DeepSeek V3 is cheaper on tracked token pricing. DeepSeek V3 costs $0.10/1M input and $0.30/1M output tokens. Qwen2.5-72B costs $0.20/1M input and $0.60/1M output tokens. Provider discounts or batch pricing can still change the final bill.
Is DeepSeek V3 or Qwen2.5-72B open source?
DeepSeek V3 is listed under MIT. Qwen2.5-72B is listed under Apache 2.0. License labels affect whether you can self-host, redistribute weights, or rely only on hosted APIs, so confirm the upstream license before deployment.
Which is better for function calling, DeepSeek V3 or Qwen2.5-72B?
DeepSeek V3 has the clearer documented function calling signal in this comparison. If function calling is mission-critical, validate it against the provider endpoint because model-level support and API-level exposure can differ.

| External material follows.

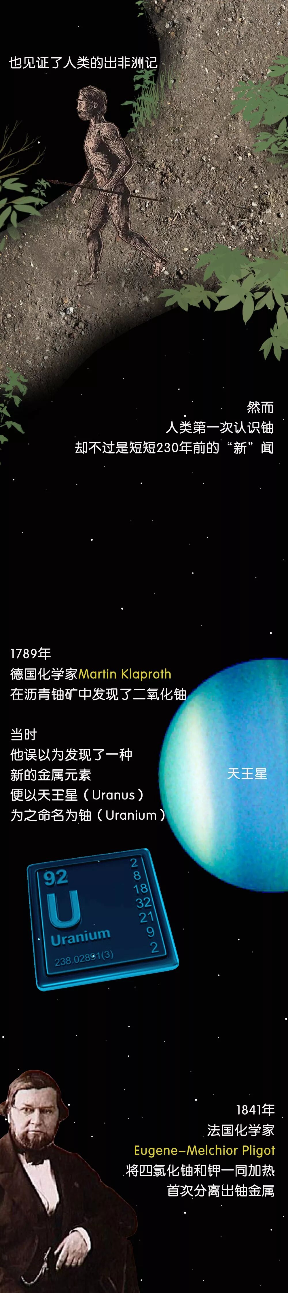 二百多年前,当德国化学家Martin Heinrich Klaprot天王星(Uranus)之名,为其新“发现”的一种元素赋名的时候,他也许未曾想到:冥冥之中,这个古希腊神话中第一代天神的名字,的确为这种神奇的元素带来了颇具传奇的色彩。一个多世纪后,这种元素不仅引领了人类利用能源的新革命,同时也深深地造成了人类历史上数个苦难的瞬间。它,就是

Which is better for tool use, DeepSeek V3 or Qwen2.5-72B?
DeepSeek V3 has the clearer documented tool use signal in this comparison. If tool use is mission-critical, validate it against the provider endpoint because model-level support and API-level exposure can differ.
Where can I run DeepSeek V3 and Qwen2.5-72B?
DeepSeek V3 is available on DeepInfra, Fireworks AI, DeepSeek Platform, Microsoft Foundry, and OpenRouter. Qwen2.5-72B is available on Fireworks AI and Bitdeer AI. Provider coverage can affect latency, region availability, compliance posture, and fallback options.
Continue comparing
Last reviewed: 2026-05-22. Data sourced from public model cards and provider documentation.